> **Task instructions**
Where a record contains an image, leave the image out and print the rest exactly.
··· Input material
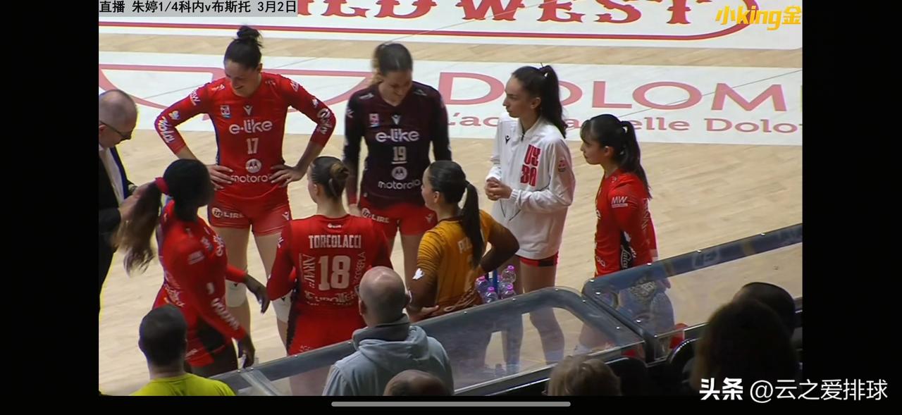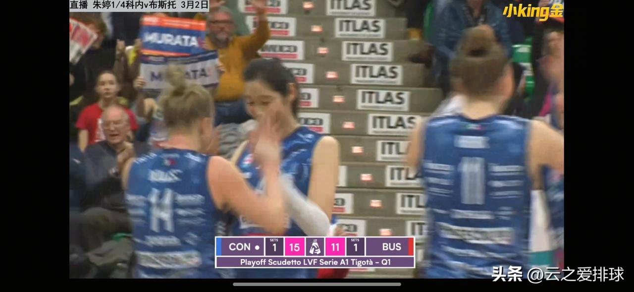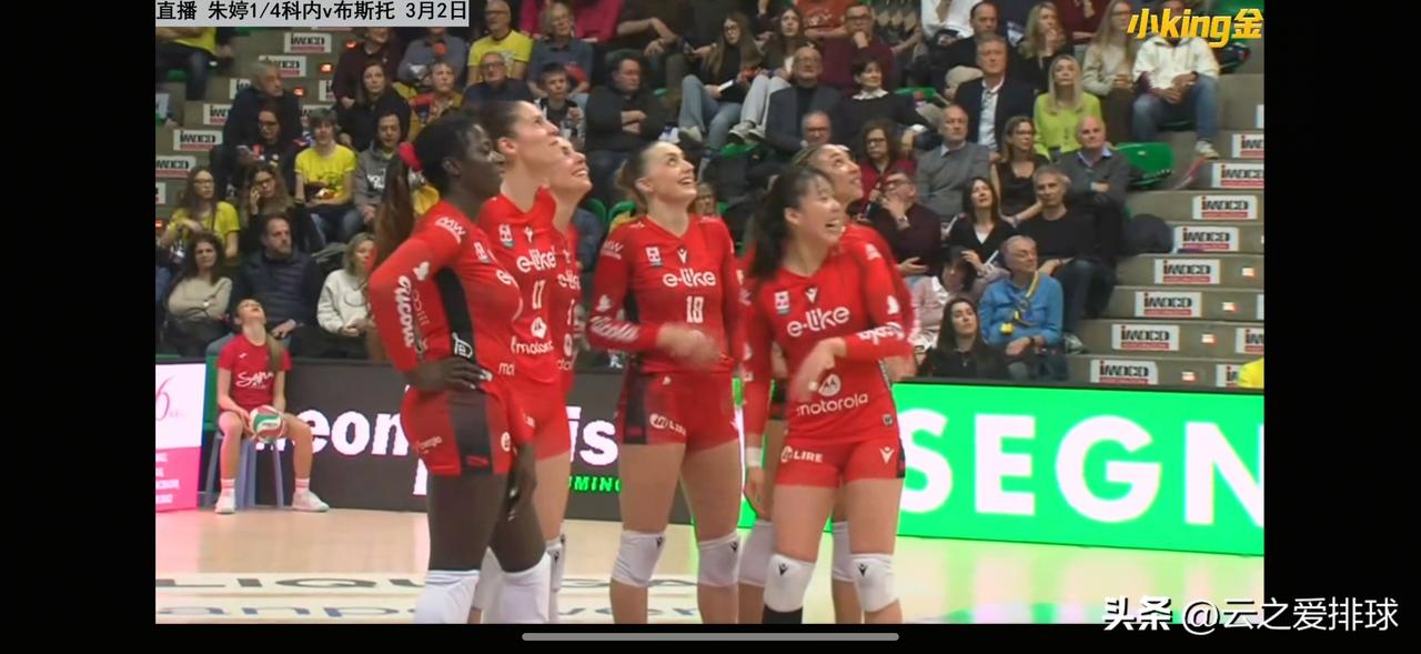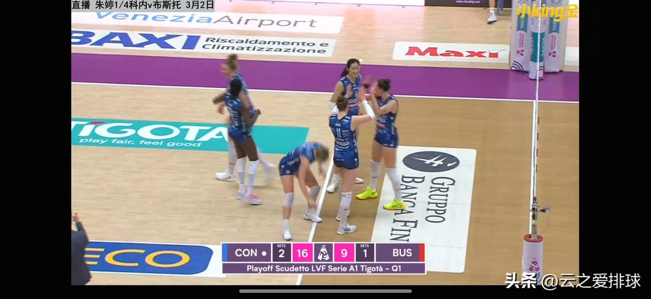 科内1/4决赛主场迎战布斯托! 首回合,没有看到像常规赛2场5局大战。今天科内有点省体力3:1力克布斯托,迎来1/4首场开门红。 别看布斯托排名第8,面对排名第一的科内,发球和防守真不差。 尤其第二局,加比和朱婷的一传都被冲击。桑塔雷利索性同时两名主攻同时替换。前面用西拉换下进攻不佳的加比,后排用尼卡置换朱婷,节省朱婷的体能。 今天三叉戟组合哈克状态爆棚,朱婷进攻犀利。尤其第一局大婷拿到9分(12扣9中),最后一局关键分又以一个拦网结束。 哈克拿到全场最高分; 而朱婷应该拿到队内第二高分20分(33扣18中,1失误被拦,2拦),双率不错。 加比进攻低迷,但是发球和防守依然在线。第四局没有上场! 副攻进攻受限,但是第三局法尔一波发球轮,好像连卡6分。 意甲1/4决赛3场2胜制,次回合将移师布斯托主场。 期待科内再胜布斯托!
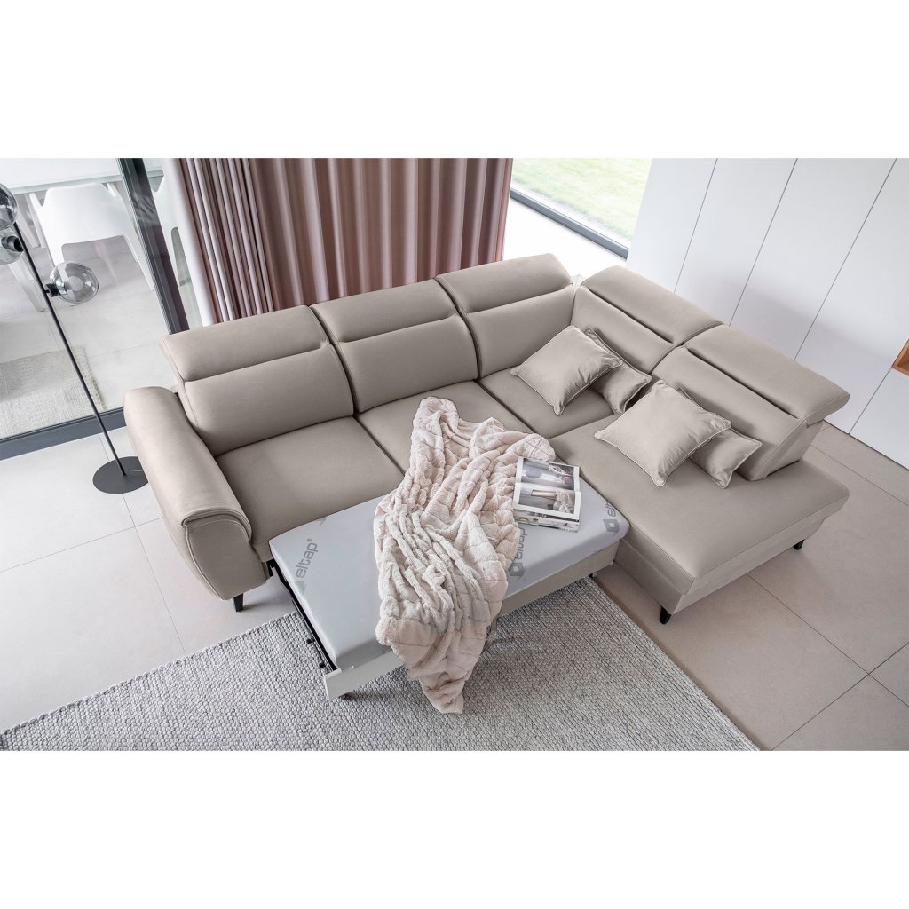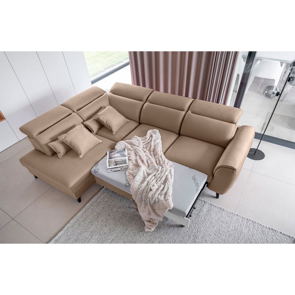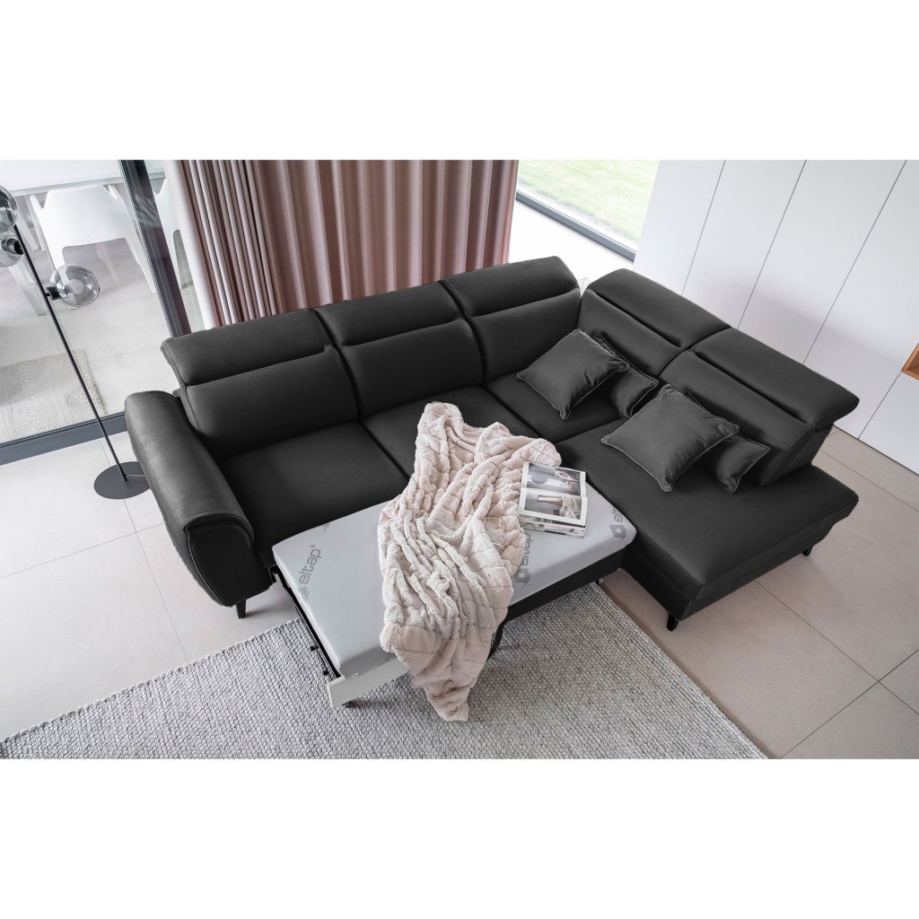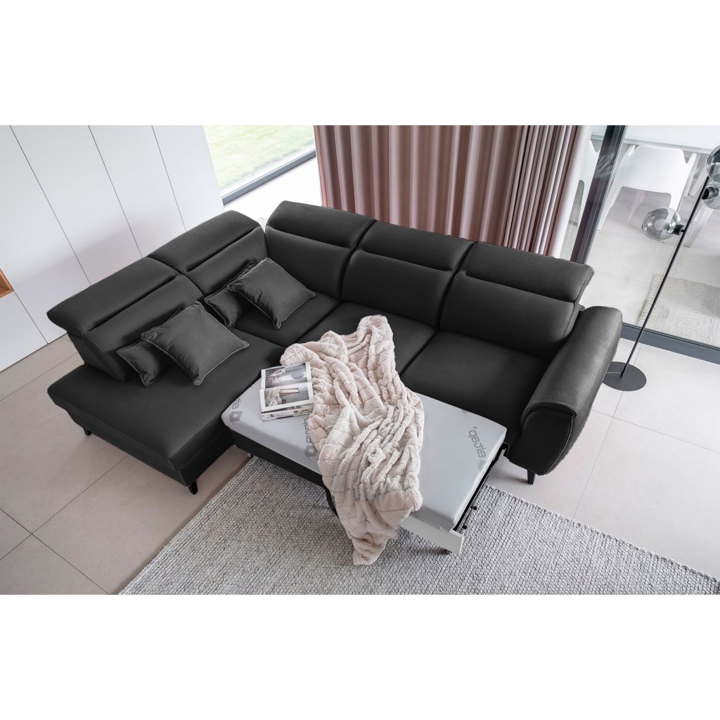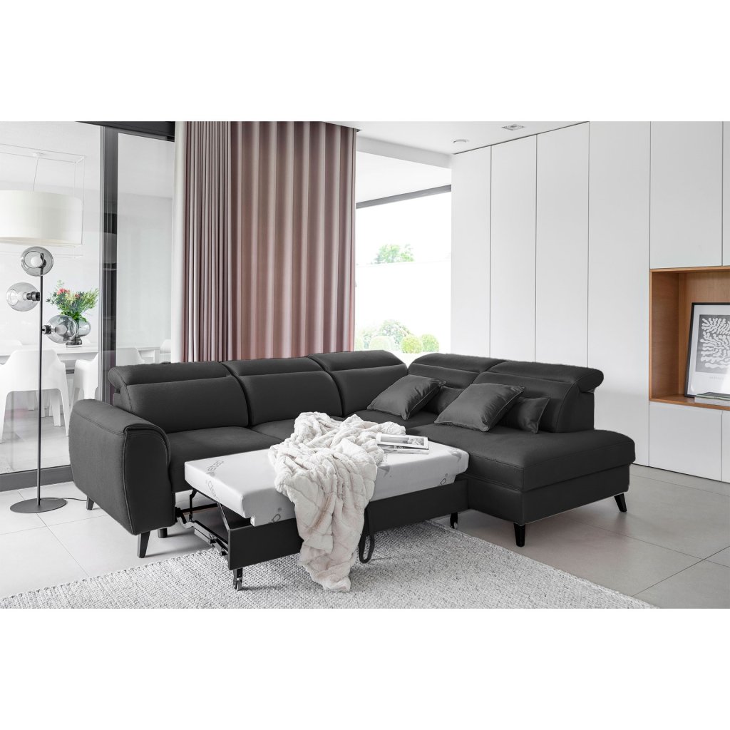 Nábytek může sloužit také jako lůžko o rozměrech 120x195 cm, protože je vybaven rozkládacím mechanismem typu delfín. Jeho předností je také výsuvné kolečko, které přispívá k většímu pohodlí z používání rohové sedací soupravy Noble.
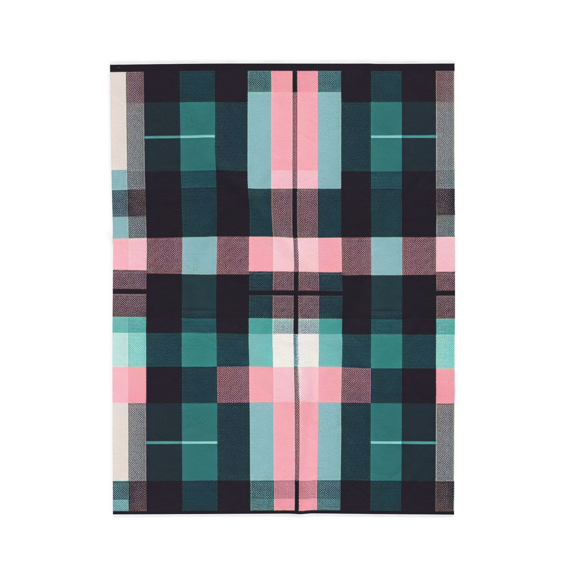 This image presents a pixelated rendition of a classic plaid pattern, intertwining soft pastel pinks with deep teals and blacks, creating a modern, digital twist on a traditional design. The effect gives it a textured, retro screen aesthetic. Create a cozy and warm atmosphere at home with this plush velveteen blanket. It is soft to touch and perfect for any home. Customize with a one-sided print to add your personal touch or create a gift for your friends and family. Available in three sizes: 30x40", 50x60", 60x80".
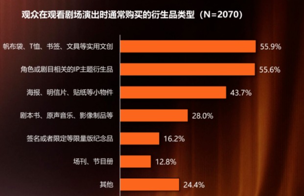 调研显示,20.4%的观众在观演前后会选择现场购买剧场或剧目相关的衍生品。最受观众欢迎的衍生品类型是帆布袋、T恤、书签、文具等实用文创类衍生品和角色或剧目相关的形象周边、玩偶、模型、摆件等IP主题衍生品。
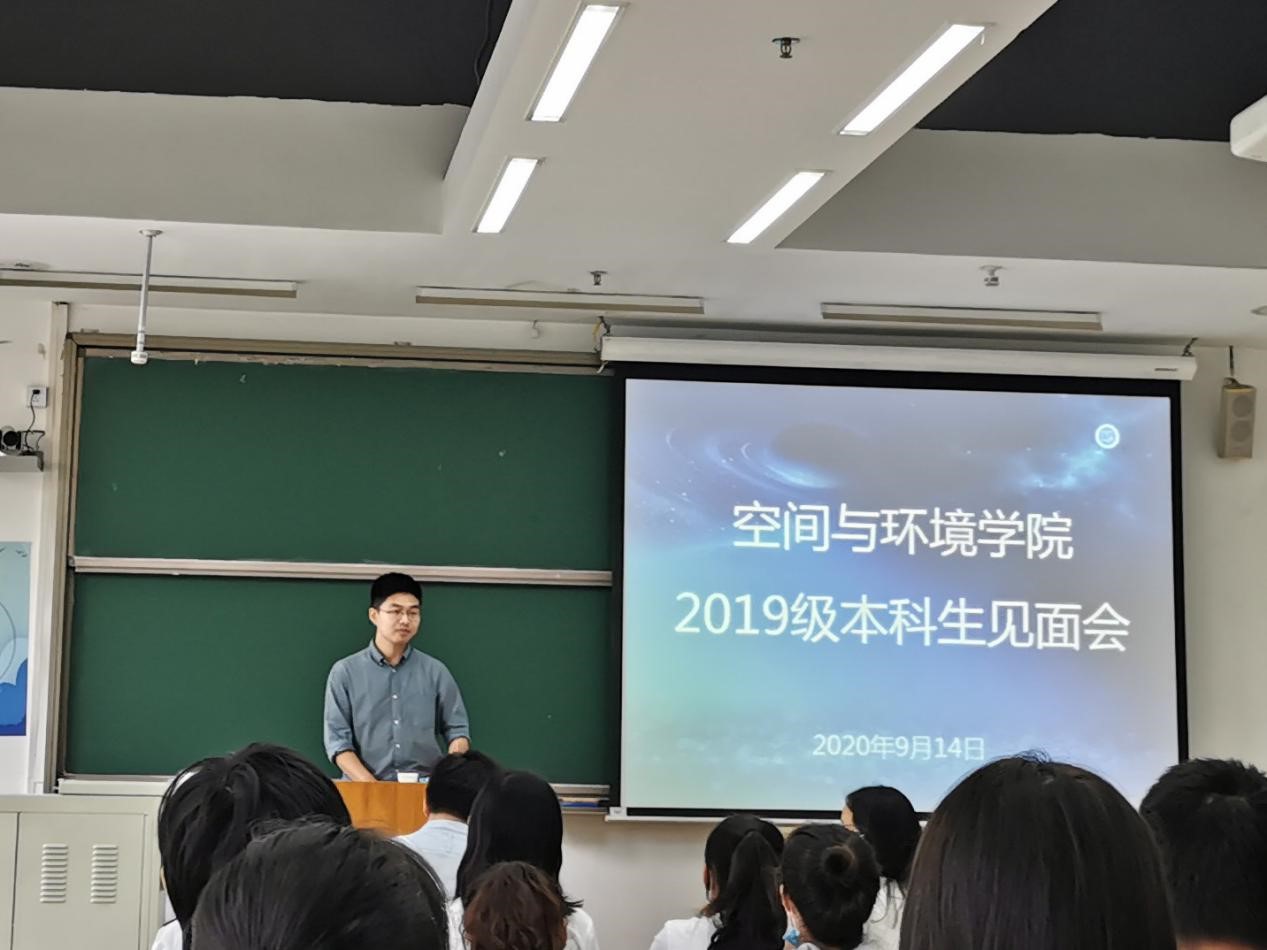 班主任代表符慧山老师对19级本科生展现出来的朝气蓬勃的精神面貌予以了肯定。符老师通过“上管天,下管地,中间顺便管空气”的诙谐言语,形象生动地介绍空间、环境两个专业研究内容涵盖之广泛,希望同学们在未来求学的三年中认真学习、积极生活、不负青春韶华。
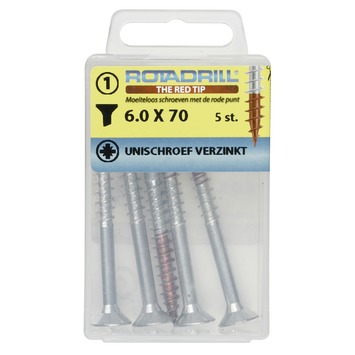Rotadrill® Universeelschroeven Platkop Verzinkt Pozi zijn bedoeld voor gebruik binnenshuis in hout of in een plug. De rode punt aan de Rotadrill® schroeven is een gepatenteerd smeermiddel dat er voor zorgt dat de schroeven zeer licht indraaien voor optimaal schroefgemak. Hierdoor zijn de schroeven zeer gemakkelijk te verwerken in verschillende bouwstoffen. De platverzonken kop verzinkt netjes in het hout bij het aanschroeven en is bedoeld voor hout-op-hout verbindingen. Geleverd in een stevige kunststof bewaarverpakking.
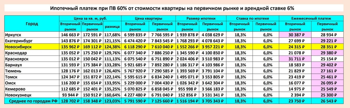 🟰 Ежемесячный ипотечный платеж на первичном и вторичном рынках Новосибирска выравниваются при первоначальном взносе 55-60
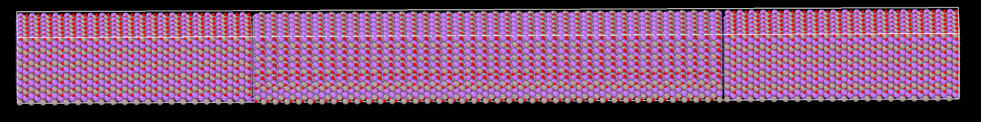 I am using heat add/subtract method to get a temperature profile across LiAlO2 using ReaxFF potentials for single crystal and bicrystal with grain boundary. Here, 0.0005 eV heat is added at the two ends/step and -0.001 ev/step heat is subtracted from the center. The shape is long in x direction as shown below:
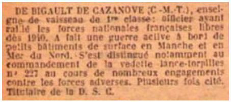 novembre 1942 le commandement de la «M.T.B. 227» (Vedette
······
> **Answer to the problem**
 科内1/4决赛主场迎战布斯托! 首回合,没有看到像常规赛2场5局大战。今天科内有点省体力3:1力克布斯托,迎来1/4首场开门红。 别看布斯托排名第8,面对排名第一的科内,发球和防守真不差。 尤其第二局,加比和朱婷的一传都被冲击。桑塔雷利索性同时两名主攻同时替换。前面用西拉换下进攻不佳的加比,后排用尼卡置换朱婷,节省朱婷的体能。 今天三叉戟组合哈克状态爆棚,朱婷进攻犀利。尤其第一局大婷拿到9分(12扣9中),最后一局关键分又以一个拦网结束。 哈克拿到全场最高分; 而朱婷应该拿到队内第二高分20分(33扣18中,1失误被拦,2拦),双率不错。 加比进攻低迷,但是发球和防守依然在线。第四局没有上场! 副攻进攻受限,但是第三局法尔一波发球轮,好像连卡6分。 意甲1/4决赛3场2胜制,次回合将移师布斯托主场。 期待科内再胜布斯托!
 Nábytek může sloužit také jako lůžko o rozměrech 120x195 cm, protože je vybaven rozkládacím mechanismem typu delfín. Jeho předností je také výsuvné kolečko, které přispívá k většímu pohodlí z používání rohové sedací soupravy Noble.
 This image presents a pixelated rendition of a classic plaid pattern, intertwining soft pastel pinks with deep teals and blacks, creating a modern, digital twist on a traditional design. The effect gives it a textured, retro screen aesthetic. Create a cozy and warm atmosphere at home with this plush velveteen blanket. It is soft to touch and perfect for any home. Customize with a one-sided print to add your personal touch or create a gift for your friends and family. Available in three sizes: 30x40", 50x60", 60x80".
 调研显示,20.4%的观众在观演前后会选择现场购买剧场或剧目相关的衍生品。最受观众欢迎的衍生品类型是帆布袋、T恤、书签、文具等实用文创类衍生品和角色或剧目相关的形象周边、玩偶、模型、摆件等IP主题衍生品。
 班主任代表符慧山老师对19级本科生展现出来的朝气蓬勃的精神面貌予以了肯定。符老师通过“上管天,下管地,中间顺便管空气”的诙谐言语,形象生动地介绍空间、环境两个专业研究内容涵盖之广泛,希望同学们在未来求学的三年中认真学习、积极生活、不负青春韶华。
Rotadrill® Universeelschroeven Platkop Verzinkt Pozi zijn bedoeld voor gebruik binnenshuis in hout of in een plug. De rode punt aan de Rotadrill® schroeven is een gepatenteerd smeermiddel dat er voor zorgt dat de schroeven zeer licht indraaien voor optimaal schroefgemak. Hierdoor zijn de schroeven zeer gemakkelijk te verwerken in verschillende bouwstoffen. De platverzonken kop verzinkt netjes in het hout bij het aanschroeven en is bedoeld voor hout-op-hout verbindingen. Geleverd in een stevige kunststof bewaarverpakking.
 🟰 Ежемесячный ипотечный платеж на первичном и вторичном рынках Новосибирска выравниваются при первоначальном взносе 55-60
 I am using heat add/subtract method to get a temperature profile across LiAlO2 using ReaxFF potentials for single crystal and bicrystal with grain boundary. Here, 0.0005 eV heat is added at the two ends/step and -0.001 ev/step heat is subtracted from the center. The shape is long in x direction as shown below:
 novembre 1942 le commandement de la «M.T.B. 227» (Vedette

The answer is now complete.